Primary repository for NYC DCP's Data Engineering team
14 stars 0 forks source link

Null date handling issues with gdal #508

Closed fvankrieken closed 5 months ago

fvankrieken commented 5 months ago

Latest zoning map amendments has an invalid date which is causing errors in Pluto/ZTL builds

fvankrieken commented 5 months ago

@jackrosacker

fvankrieken commented 5 months ago

dof_shoreline has same issue. Not sure if something has gone wrong with our data library step or something on the source data side. Wonder if all "ztl dataloading" datasets are affected. Going to investigate more tomorrow

jackrosacker commented 5 months ago

Hmm, that's peculiar. I'm seeing the error message that references the "effective" column, but not seeing any non-conforming date values when I open it in GIS. The column does have a bunch of null values but that is always the case. Odd that it's throwing an error now, but ran fine last week. We sent the zoning data back to TRD for edits, but Andrew only updated the zoning districts file. Also noteworthy that the shoreline dataset hasn't changed since 2022, so not sure why that's erroring.

I'll take another look at the source data tomorrow, and let's touch base when you've had a chance to review.

fvankrieken commented 5 months ago

And the source data for dof_shoreline (datasets/dof_dtm_shoreline_polygon) hasn't changed since '22, so this seems like a change on our end. We recently bumped gdal from 3.6 to 3.8, I wonder if it's handling something differently

jackrosacker commented 5 months ago

Yeah that could be it. Maybe new gdal is stumbling over NULL values in the "effective" column without explicit handling? Can we drop gdal back a version so we can get ZTL built and QA'd while your testing happens?
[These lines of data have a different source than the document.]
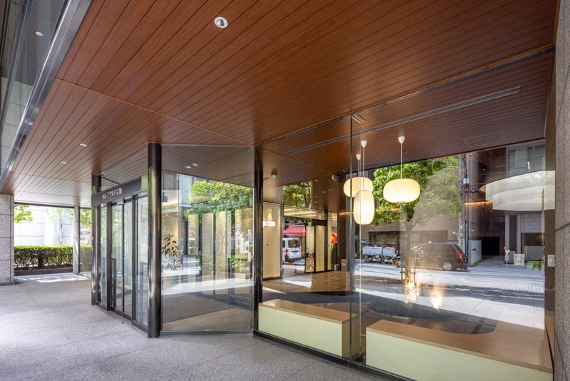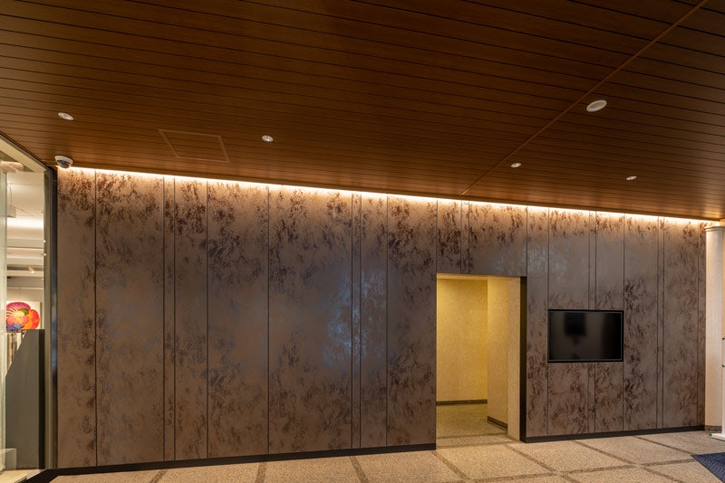 フロア全体の意匠はウォールナット柄の天井スパンドレルと、存在感のあるオキサイド柄のセラミックタイルで構成しました。木質の温かみと光によって表情を変えるテクスチャの質感が、都会的で落ち着きのあるエントランス空間を創出しています。屋外軒天と屋内天井は色柄を統一することで、空間に拡がりを持たせました。
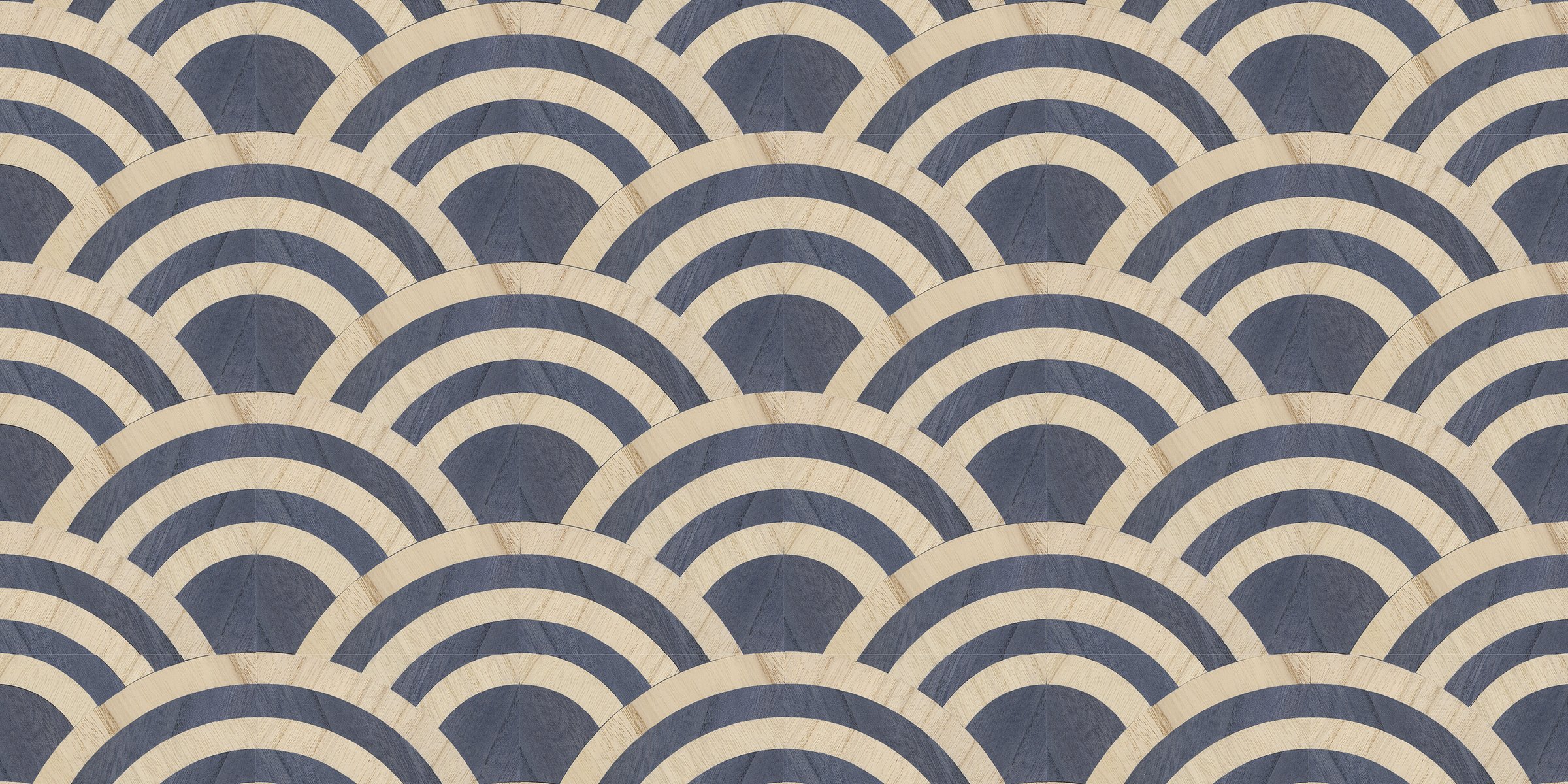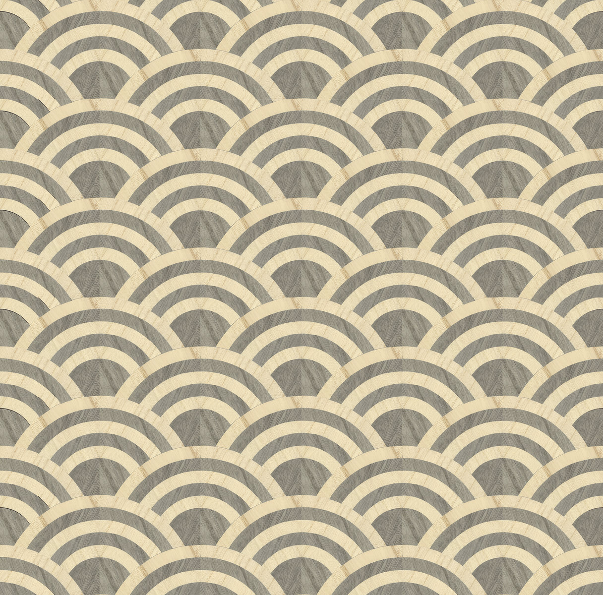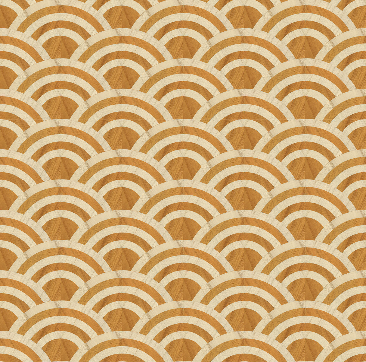 重叠的 O, 由木贴面镶嵌物创建, 类似于海洋的滚动波。独特的壁墙覆盖的古代西盖哈图案象征着水波,代表着好运、力量和韧性。
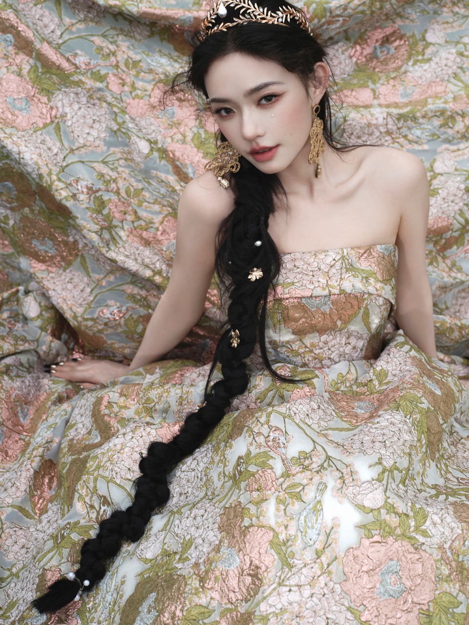 迪丽热巴花簇环拥缀满星芒
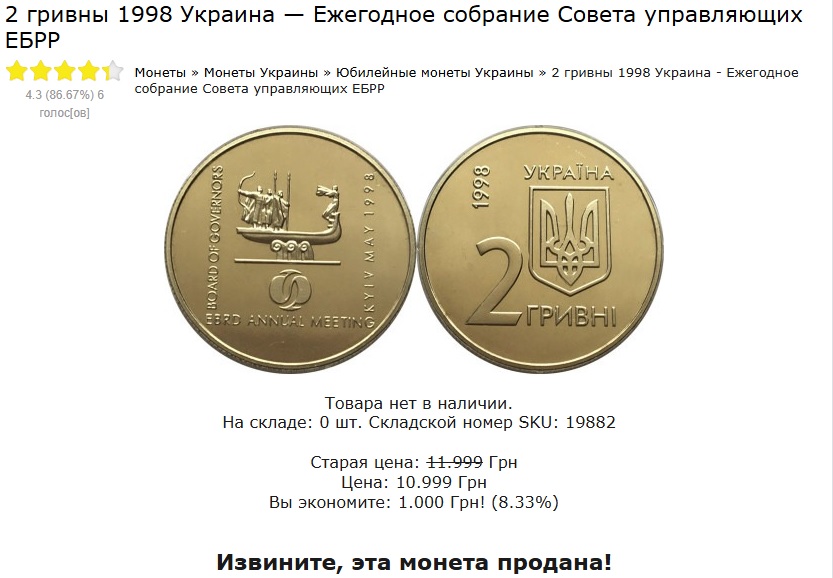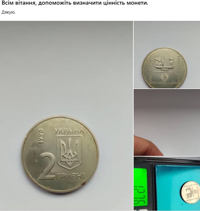 У своєму пості автор попросив коментаторів оцінити його монету. Йдеться про колекційну двогривневу монету, присвячену щорічним зборам Ради управляючих ЄБРР. Випустили її у1998 році.
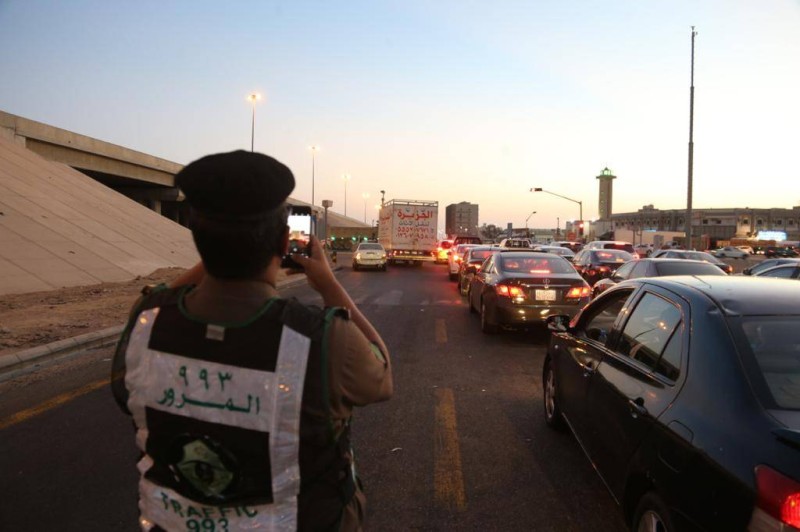 رجل مرور يوثق آلياً سيارة مخالفة بأحد شوارع جدة أمس. (تصوير: مديني عسيري)
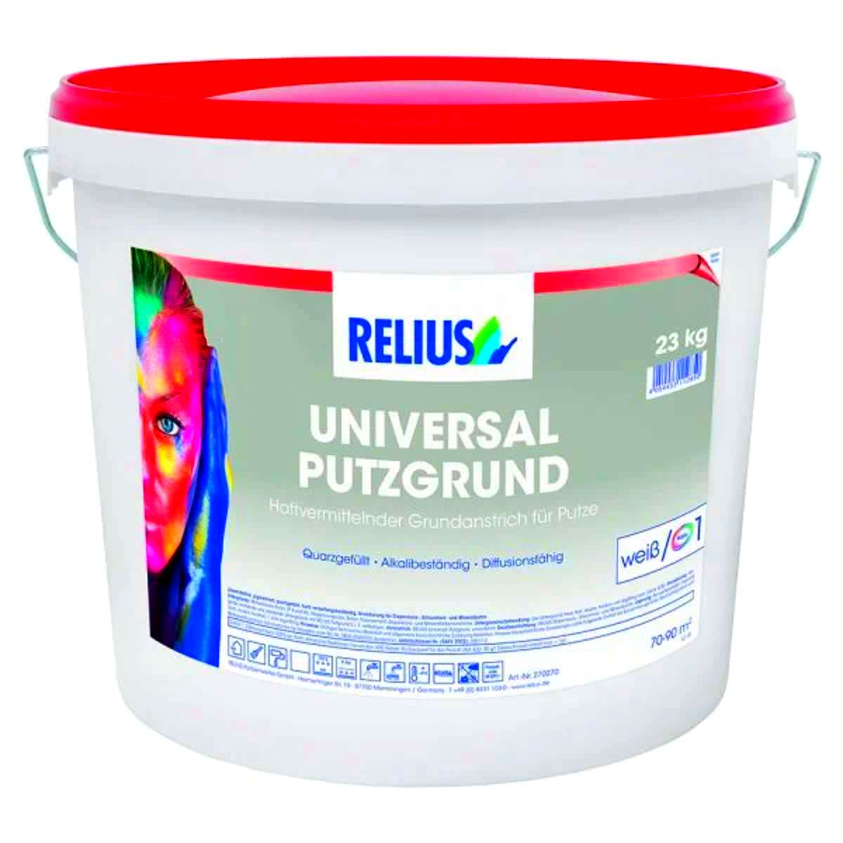 Der haftvermittelnde, lösemittelfreie, quarzgefüllte Grundanstrich ergibt griffige Oberflächen für nachfolgende Beschichtungen mit RELIUS Dispersions-, Siliconharz-, Silikat- und Mineralputzen. RELIUS UNIVERSAL PUTZGRUND ist leicht zu verarbeiten, alkalibeständig und wasserdampfdiffusionsoffen.
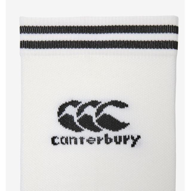 カンタベリーロゴを配したシンプルでクラシックなデザインのカーフソックス。
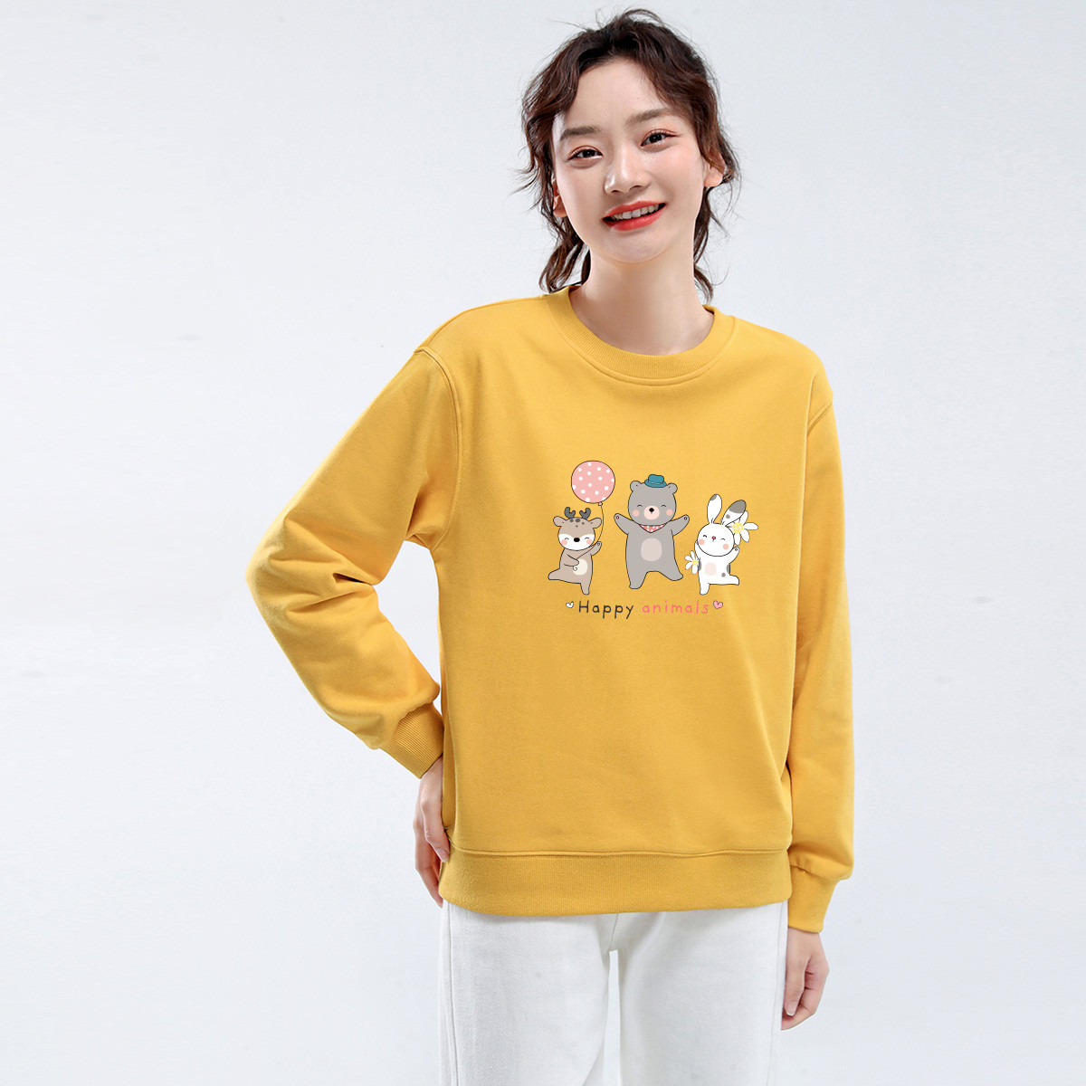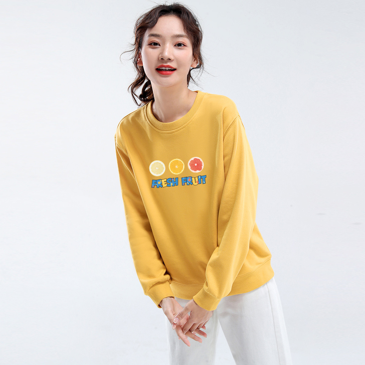 米子旗女式卫衣外套上衣女春秋宽松显瘦无帽印花圆领 820378
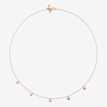 Collana Bollicine in oro rosa 9K con 1 tsavorite (ct 0.02), 1 topazio azzurro (ct 0.03), 1 zaffiro rosa (ct 0.08), 1 rubino (ct 0.06) e 1 ametista (ct 0.04).
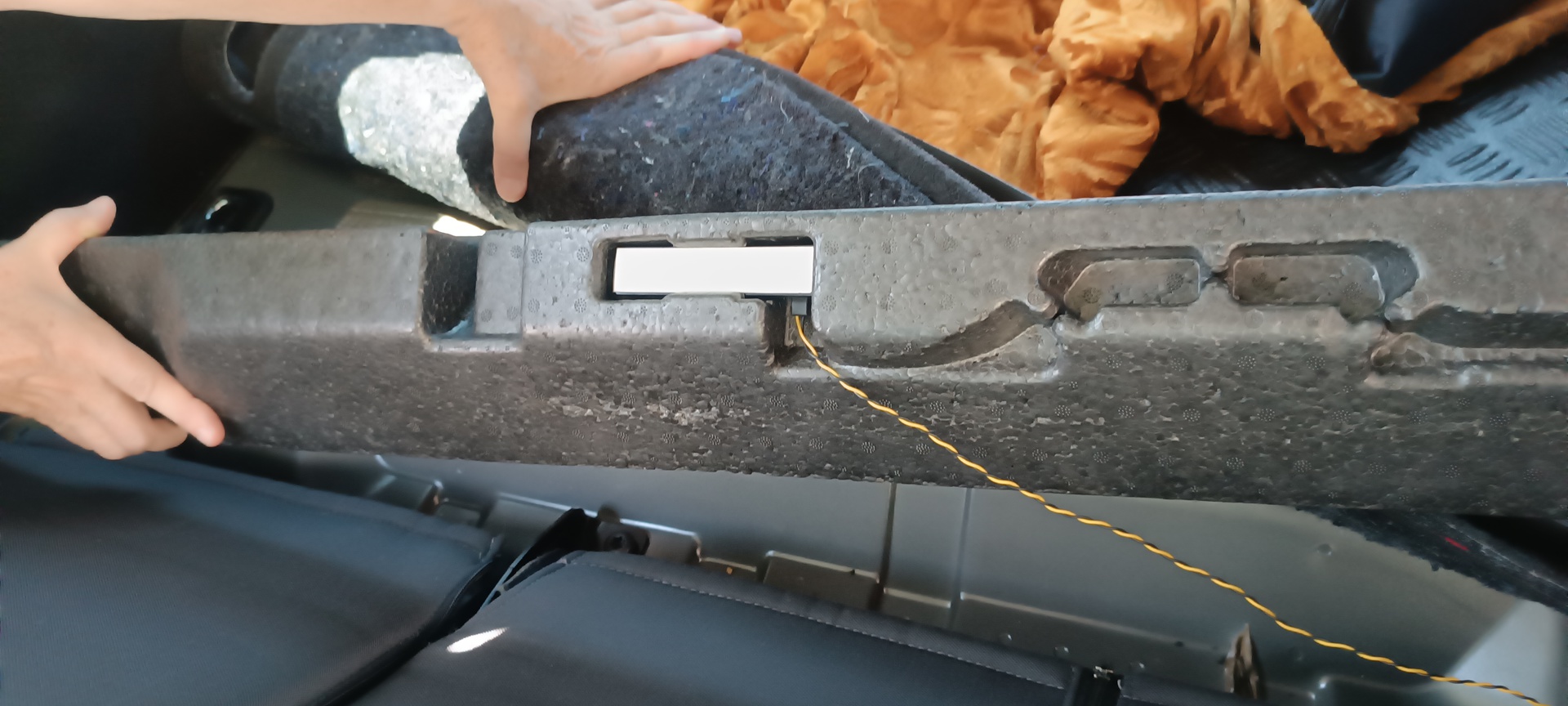 Ford Focus kombi 2010. Az akkumulátor pár óra alatt (de lehet, hogy gyorsabban) teljesen lemerült. Annyi történt előtte, hogy üléshuzatokat húztunk fel. Előtte jó volt. Kitapogattam az üléshuzat rögzítő gumikat az ülés alatt, de nem érztem, hogy valami vezetéket meggyomott volna. Látni ugyebár nem lehet. Hol lehet a probléma? Most ez első ülésről lehúztuk a huzatokat, és amíg húztuk le (10 perc), 12,5V-ról leesett 10,5V-ra a feszültség. A lehúzás után, próba képpen, nyitva hagytam az ajtókat (a belső világítás 2db izzója működött) így 10,25V-ról leesett 10,15V-ra a feszültség. Ez talán még normális lehet. További kérdésem: a képen látható fehér téglatest mi lehet? A hátsó ülést előredöntve, a fekete hungarocell szerű betétet felfordítva látszik ez. Két vékony vezeték megy hozzá. Előre is köszönöm. a segítséget.
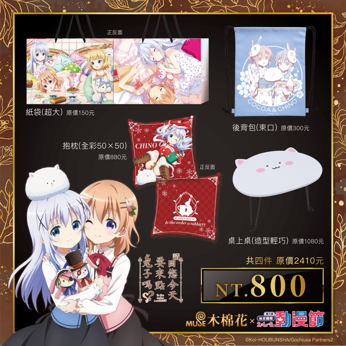 請問您今天要來點兔子嗎??》本次推出吉祥物「提比」桌上桌,還有人氣少女「智乃」的雙面彩色抱枕,這樣的組合內容是不是超划算實用,讓你今晚想來兔子呢?
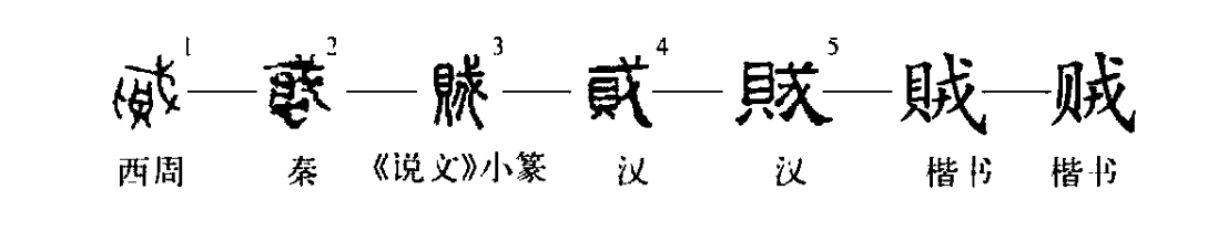 形聲字。從戈,則聲。始見于西周金文。戰國文字“賊”字所從的聲符“則”或從刃、從員,為“則”字繁體。或從戈、從鼎(則省),馬王堆漢墓帛書或從戈、從貝。《篇海類編》:“,同賊。” 《說文》篆文所從的“刀”放在“戈”下, “貝”在左部,隸變作“”。“”又訛變作“”遂成“賊”字。“貝”簡化作“貝”。“賊”類推簡化作“賊”。本義是破壞。《說文》:“賊,敗也。”《左傳·文公十八年》:“毀則為賊。”(破壞法是賊)引申指作亂叛國危害百姓的人。溫縣盟書:“而敢與賊為徒者。” (膽敢與作亂叛國的人結為徒黨) “賊”通“則”,轉折連詞。《侯馬盟書》:“賊(則)永亟視之。”(徐在國)
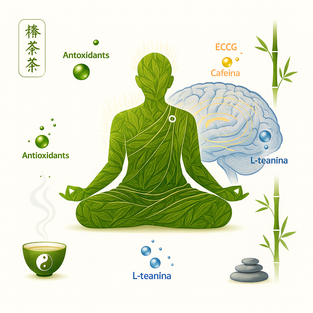 O segredo está na sinergia molecular única entre três protagonistas: a epigalocatequina galato — EGCG (o antioxidante ninja) — L-teanina (o monge meditativo) e cafeína (o guerreiro alerta). Enquanto outros nootrópicos apostam em um mecanismo, o chá verde orquestra uma sinfonia neurológica: a cafeína te desperta, a L-teanina evita a agitação, e o EGCG protege tudo nos bastidores.
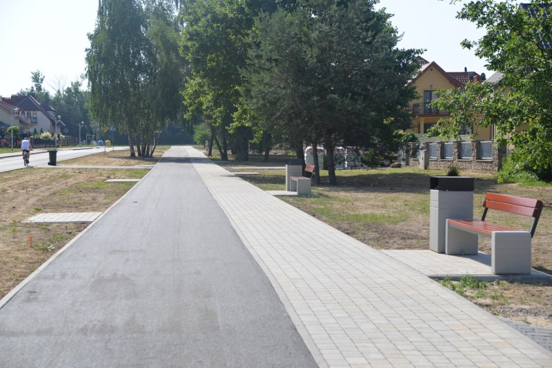 Obszar A budowa ścieżki rowerowej z chodnikiem i obiektami małej architektury oraz zagospodarowanie zieleni na ul .Jana Pawła II (nasadzenie kwiatów, rabat ,drzew, krzewów i trawników)

fvankrieken commented 5 months ago

Would it be okay for me see if we can get a fix today for this? And then either resolve it today, or revert so we can get ZTL built EOD today/Tuesday. Let me know if it'd be better for y'all to just have ztl built asap

fvankrieken commented 5 months ago

It seems pretty clearly to be how GDAL is handling NULL datetimes. dof_shoreline has 1 feature and 5 fields or so, and I've verified the datetimes are null (at least while importing the shp from edm-publishing into qgis). The data library pgdump from 5 days ago has Nulls as it should, while the new one has "0000/00/00".

Hopefully there's some sort of flag we can use at export for this

jackrosacker commented 5 months ago

Would it be okay for me see if we can get a fix today for this? And then either resolve it today, or revert so we can get ZTL built EOD today/Tuesday. Let me know if it'd be better for y'all to just have ztl built asap

Go for it! A proper fix would be great. I would ideally want to be finishing QA on Tuesday if at all possible though. Had a few hiccups with the origin data and want to wrap up this phase of Open Data soon. Thanks for flagging the failed build and jumping on this so quickly.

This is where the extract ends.